GenericOutputProcessor

Generic output processor.

TsvOutputProcessor

TSV output processor.

XlsxOutputProcessor

Excel output processor.

Output metadata processor. The goal of this module is to take an input list of GenericEntity’s, transform it into a dataframe and save it with pandas functionality into different formats. Pretty simple!

Mandatory arguments:

  • output_path: Path to the file to save the metadata.

Optional arguments:

  • verbose: set to True if you want INFO and above-level logging events. If not set or set to False, only WARNING

    and above will be displayed

Subclasses of GenericOutputProcessor must define the following methods/properties:

  • _save

class GenericOutputProcessor(output_path, verbose=False)

Bases: object

Generic output processor. Defines the mandatory functions for the subclasses to function.

Parameters:

output_path (str) – path to save the file. Please include the name and extension of the file.

save(entities)

Transform the entities into a dataframe to use pandas functionality to save.

Parameters:

entities (list[GenericEntity]) – Subclasses of GenericEntity.

_save(dataframe)

Function to be overriden by subclasses.

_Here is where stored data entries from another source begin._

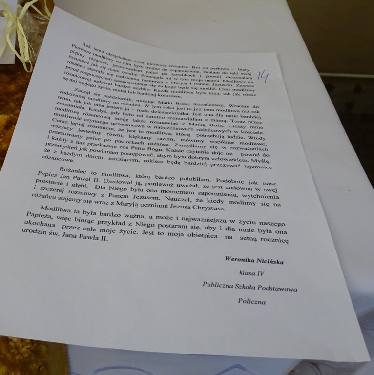 Pod takim hasłem został zorganizowany przez Sanktuarium NMP Królowej Różańca Świętego w Wysokim Kole międzyszkolny konkurs różańcowy. Każda szkoła mogła zgłosić do konkursu po jednej pracy z poszczególnych kategorii wiekowych:
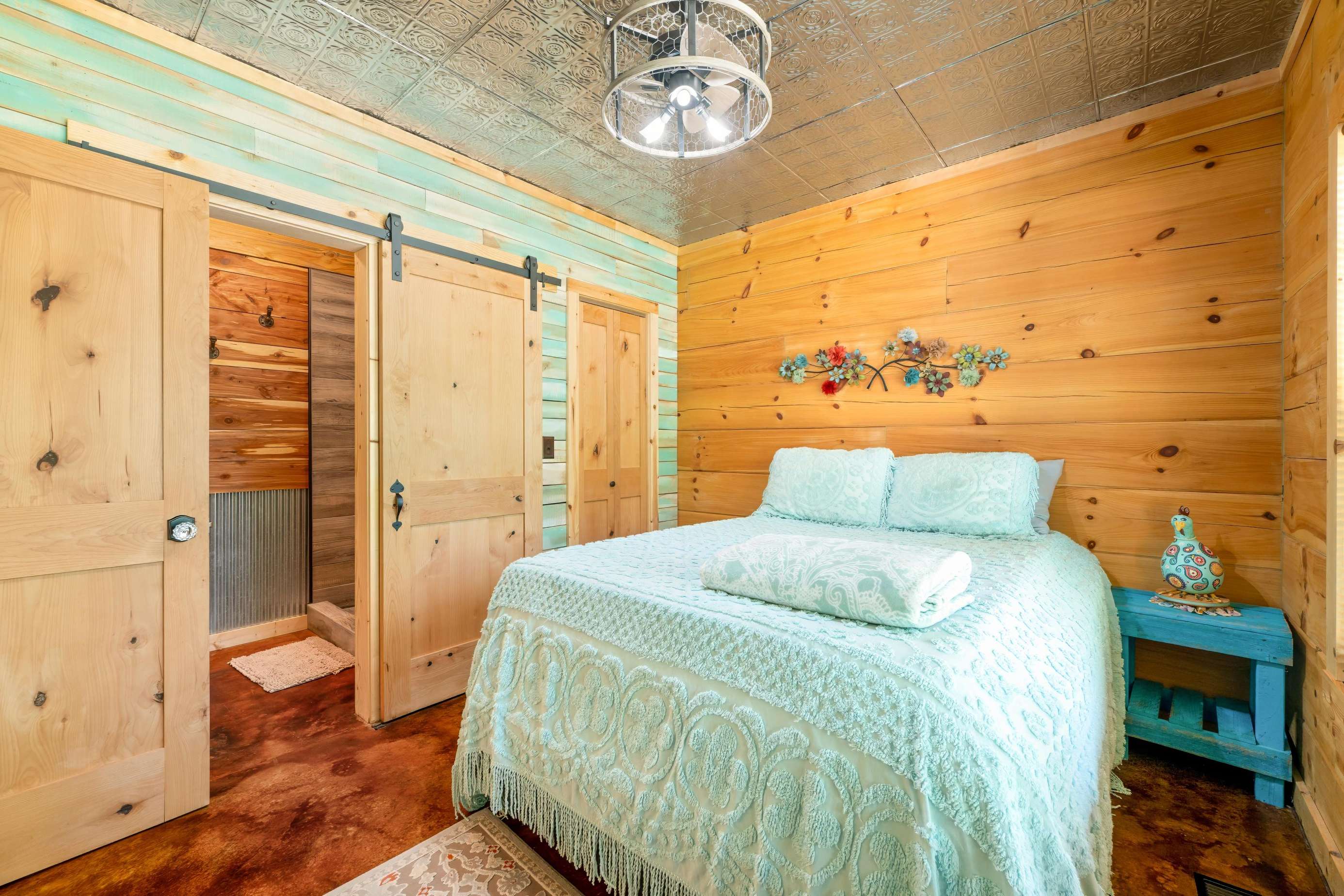 Bedroom #1 has a king bed and a clawfoot tub/shower combo. The other 2 bedrooms each have queen beds with walk in showers in their bathrooms so no arguing over who gets which one.
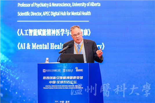 在主旨报告环节,中外专家围绕“数智创新”展开了高水平的学术碰撞。国内外专家分别就人工智能在心理健康领域的应用、数字心理健康的新政策与新战略、全球精神医学发展趋势等前沿课题作分享。
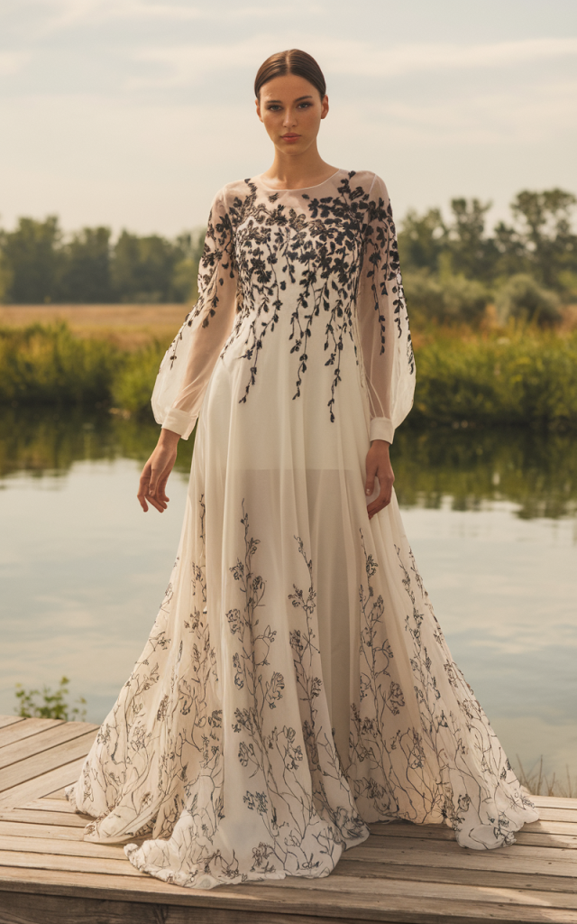 The sheer, billowing sleeves add a touch of dreamlike fluidity, allowing light and air to pass through like whispers of wind. Delicate black embroidery cascades from the shoulders, reminiscent of ivy creeping down an old stone wall, before gracefully fading into the flowing expanse of ivory chiffon. The intricate detailing at the hemline mimics wild botanicals, grounding the gown in an earthy, almost mythical charm.
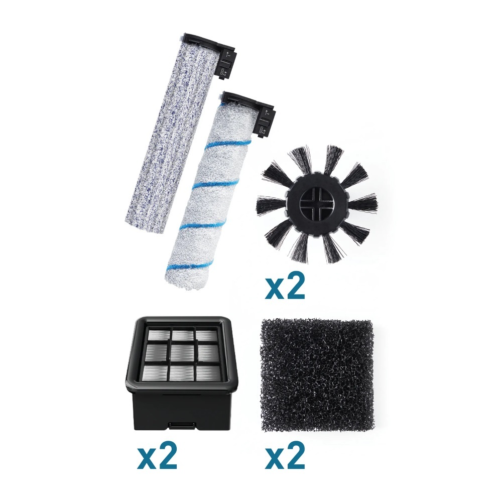Боковые щетки - 2 шт, Пена для защиты от столкновений - 2 шт., Валик для чистки из микрофибры - 1 шт, Мягкий валик из микрофибры - 1 шт, фильтры - 2 шт.
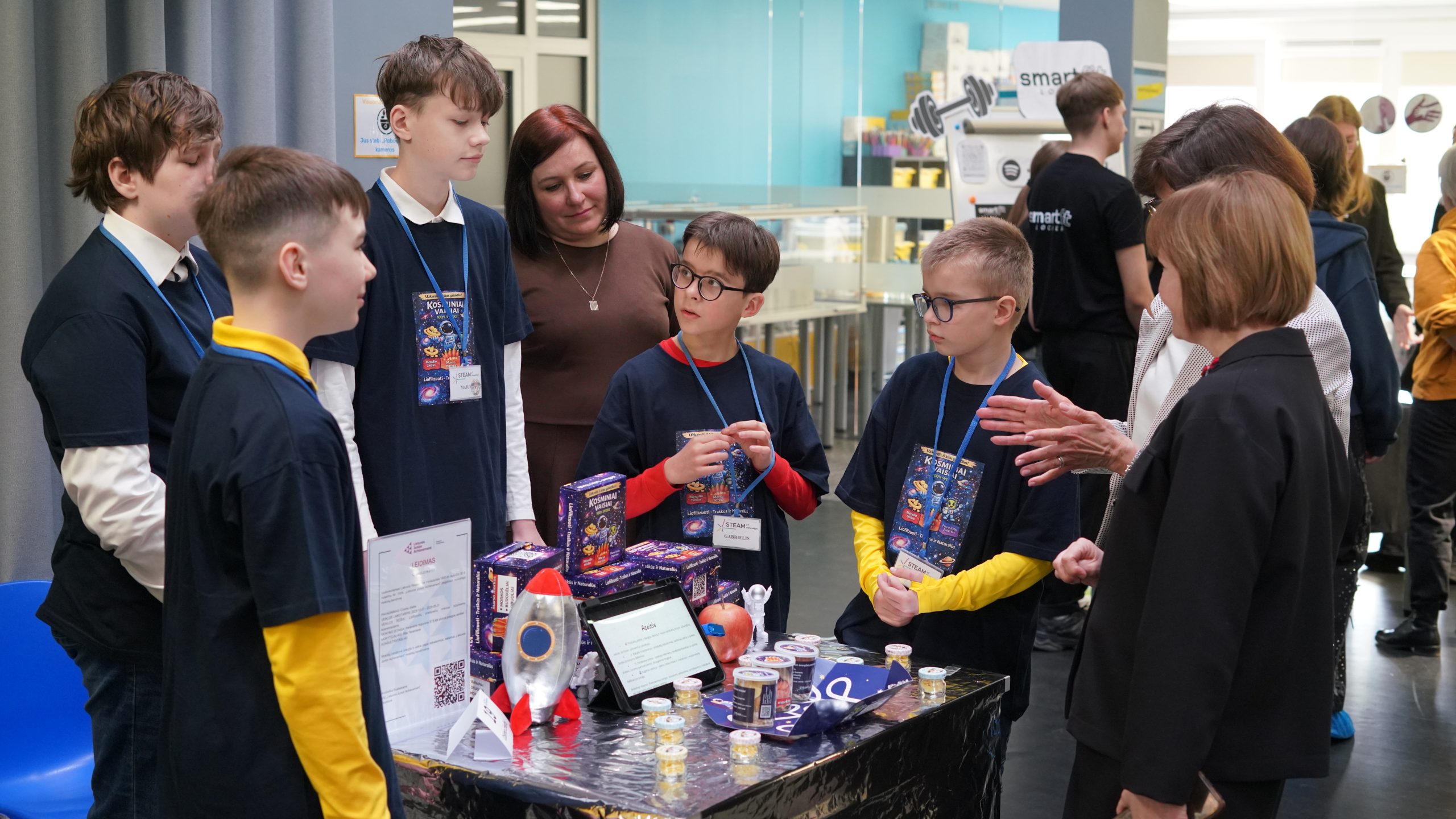 Panevėžio STEAM  ir „RoboLabas“ centrų komandos taip pat pateikė staigmenų. Jungtinė  „RoboLabas“ ir V. Mikalausko menų gimnazijos jaunųjų verslininkių bendrovė „JESMO-DAM“ pristatė minimalistinio dizaino interjero detales iš ekologiško jesmonito kompozito, o „Cosmo chefai“ demonstravo liofilizuotų priešpiečių rinkinius būsimiems astronautams – sveikus užkandžius, ugdančius vaikų mitybos įpročius.
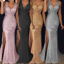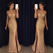 Women's Elegant Gold V-Neck Open Back Long Dress for Weddings
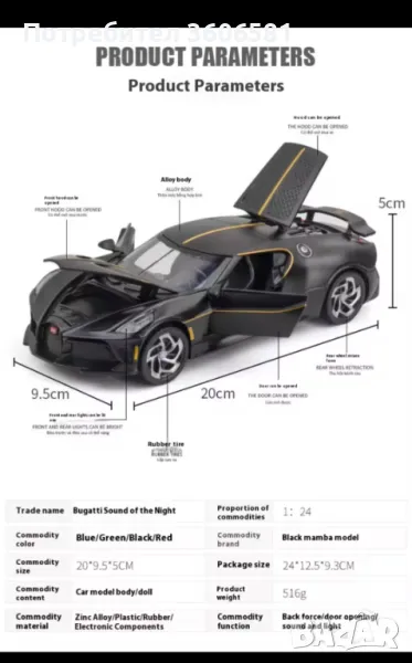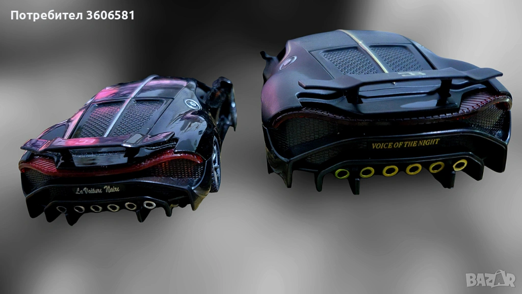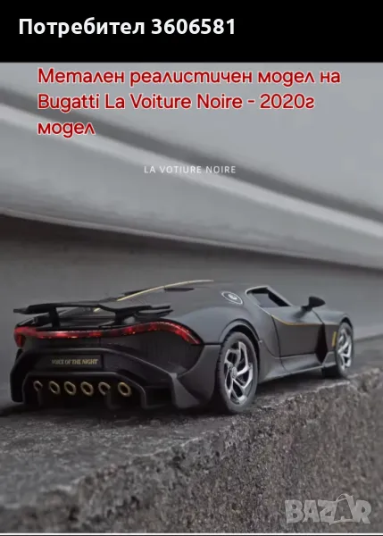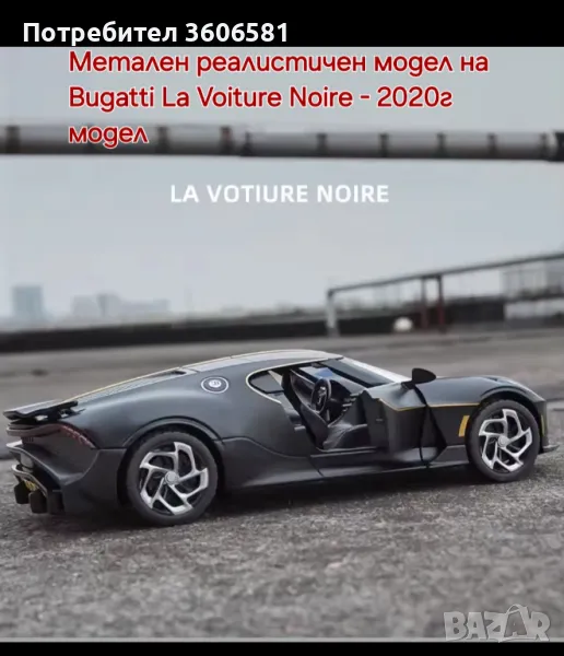 Метални модели на спортни автомобили играчки детаилни и реалистичени на спортните коли Bugatti La Voiture Noire в съотношение 1:24 и 1:32 спрямо релния размер на колата. Включени батерии за колите . При дърпане назад, след пускане се движи напред самостоятелно, отварящи се врати и капаци, светещи стопове и фарове, звук на двигателя при тръгване и спирачки. Подходящ подарък за деца или колекционери на умалени и реалистични модели на спортни автомобили.
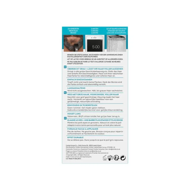 Just For Men Snor & Baard Haarkleuring Zwart herstelt de natuurlijke kleur van snor- en baardharen en laat grijs haar verdwijnen. Met de bijgeleverde applicator is de verf eenvoudig in te borstelen. De speciale formule dringt diep door in harde, moeilijk te kleuren gezichtsbeharing en maakt je snor en baard voller in slechts 5 minuten. De kleuring is een gel, drupt niet en werkt alleen in op de grijze haren waardoor de rest van de baard niet gekleurd wordt.
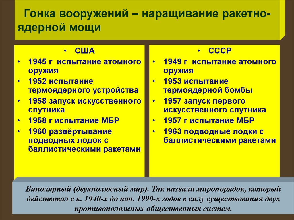 Гонка вооружений – наращивание ракетноядерной мощи• США
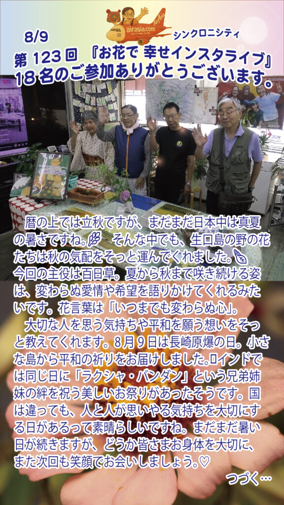 77. 第77回 『お花で幸せ インスタグラムライブFlowers and Happiness Instagram Live』2023年 8月12日
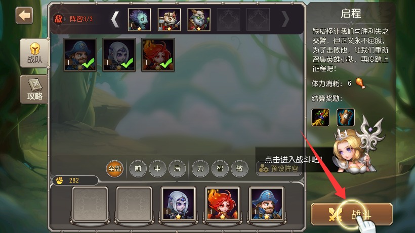 4、从英雄列表中挑选合适的出战角色,点击战斗开启这场自动回合制对决。
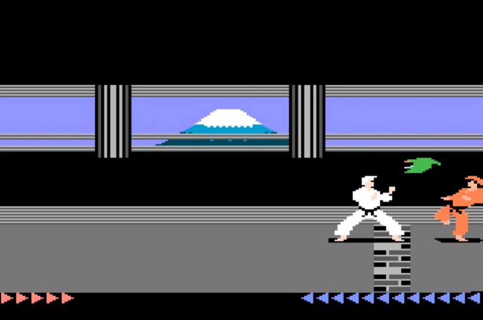 As far as final boss stages go, this is one of the toughest around. If you remember one vital fact about a Karateka's offense, you will remember that a Karateka can deliver 5 attacks in a row. Now compare that to your Hit Points. Yep, you can be taken out in one good combo. Couple that with the fact that birds are still flying around, you are in some deep doo-doo. Well, one good thing is that Akuma is still an idiot.
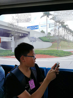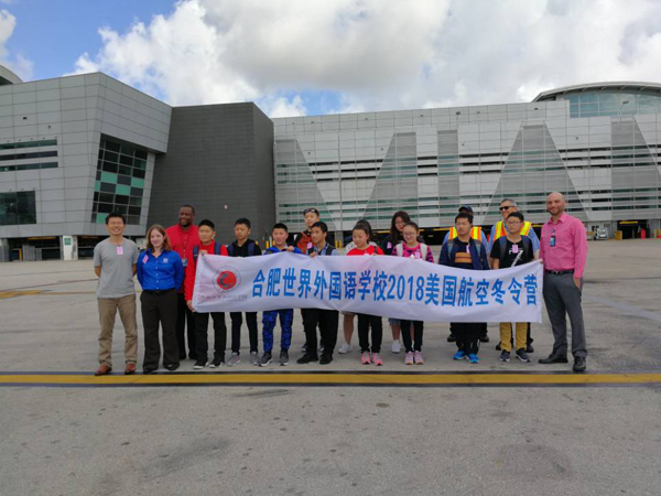 九点半左右,我们进入机场,机场举行了一个简短的欢迎仪式。此次活动的机场负责人发表了简短的欢迎词。随后我们分成两辆机场观光大巴,在工作人员的带领下开始参观机场。在我们进入机场之前,机场在大型户外广告屏上打出了欢迎我们的欢迎词。一路上解说员给同学们讲解了很多迈阿密机场相关知识。例如迈阿密国际机场是美国仅有八个提供大型喷气式飞机客车A380定期航班的机场之一。
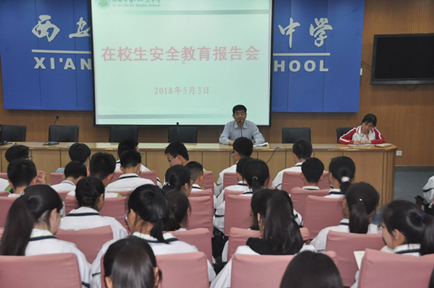 为了提高全体住校生安全防范意识,共筑校园安全防线,2018年5月3日晚,由校安保处屈军主任为全体住校生做作了一场严肃而深刻的安全教育报告会。 首先,安保处主任屈军针对发生在陕西省榆林市米脂三中多名学生被砍伤的恶性案件进行通报。其次,报告分别从交通安全、...
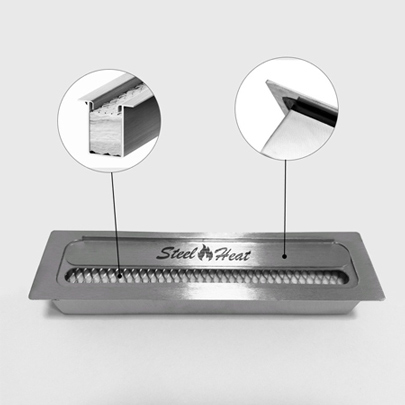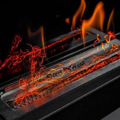 Защитное, закаленное стекло и стемалит на задней стенке очага создают зеркальное отражение и придают пламени увеличенный объем.
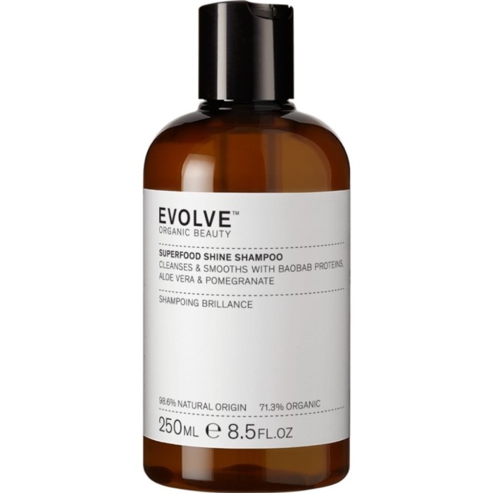 Evolve Superfood Shine Shampoo innehåller naturliga rengörande ingredienser från socker och kokosnöt som varsamt rengör hårbotten och håret utan att ta bort naturliga oljor. Proteinerna från baobab-trädet har visat sig förbättra hårets glans och styrka, samtidigt som de skyddar håret och minskar "flygigt" hår, och gör håret lättare att reda ut. Ger ett naturligt och mjukt hår. Innehåller extrakt av ekologiskt granatäpple som ger fukt och skyddar håret, samt lugnande ekologisk aloe. Vegansk.
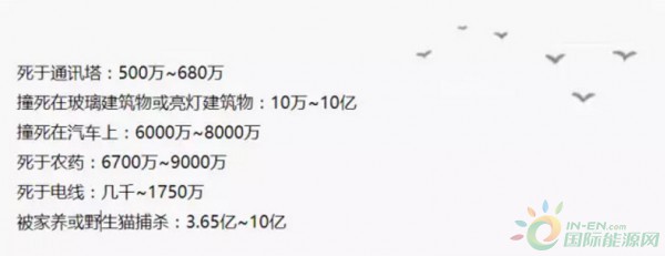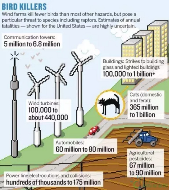 據(jù)美國漁業(yè)與野生動物協(xié)會統(tǒng)計(jì),在美國平均每年有10萬到44萬只鳥類因撞到風(fēng)機(jī)而死亡,看起來是個不小的數(shù)字,但是如果和其他的死亡數(shù)字來比較:
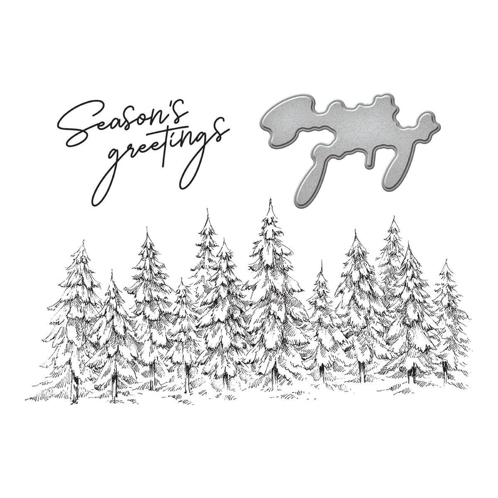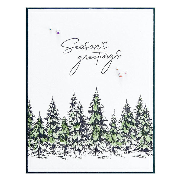 Season’s Greetings Press Plate & Die Set is from the More BetterPress Christmas Collection and includes a set of two press plates and one thin metal cutting die. The largest press plate is a line of beautiful evergreen trees which makes a beautiful border. The set also includes a Season’s Greetings sentiment with its coordinating die. Ink the plates with the BetterPress Ink to be pressed against the BetterPress Cotton Card Panel and Sheets for a crisp letterpress design.
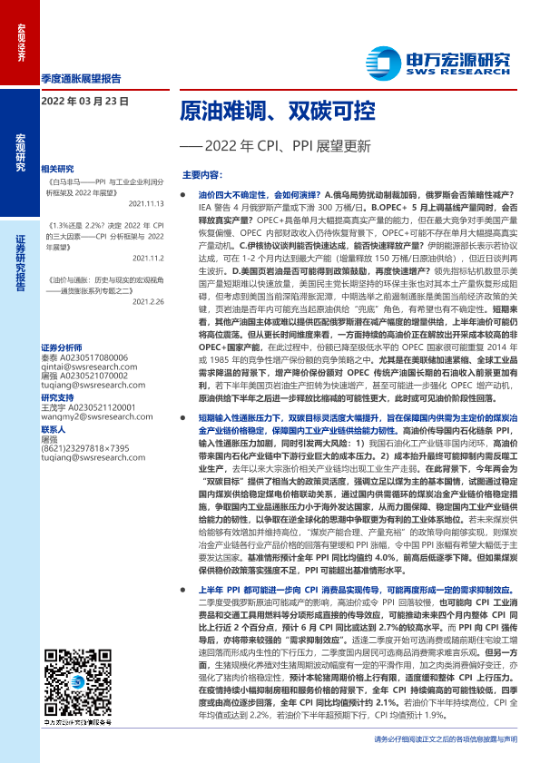 【申万宏源】【20220323】2022年CPI、PPI展望更新:原油难调、双碳可控-29页

Takes a dataframe and saves the output into self.path.

Parameters:

dataframe (DataFrame) – Dataframe containing the flattened metadata from the GenericEntity subclasses.

class TsvOutputProcessor(output_path)

Bases: GenericOutputProcessor

TSV output processor. Takes a list of entities and outputs a TSV with the metadata processed.

Parameters:

output_path (str) – Path to the file being saved. Please include tsv extension.

_save(dataframe)

Save the resulting dataframe from save() into a tsv, using pandas functionality. NO, the delimiter is not customizable. Create another subclass if you want that. TSV means TAB-Separated Values, not comma, not pipes, not anything else. You weirdo.

Parameters:

dataframe (DataFrame) – Dataframe containing the flattened metadata from the GenericEntity subclasses.

class XlsxOutputProcessor(output_path, sheet_name='Sheet1')

Bases: GenericOutputProcessor

Excel output processor. Takes a list of entities and outputs an excel file with the metadata processed.

Parameters:

output_path – Path to the file being saved. Please include ‘.xlsx’ extension.

_save(dataframe)

Save the resulting dataframe from save() into an excel.

Parameters:

dataframe (DataFrame) – Dataframe containing the flattened metadata from the GenericEntity subclasses.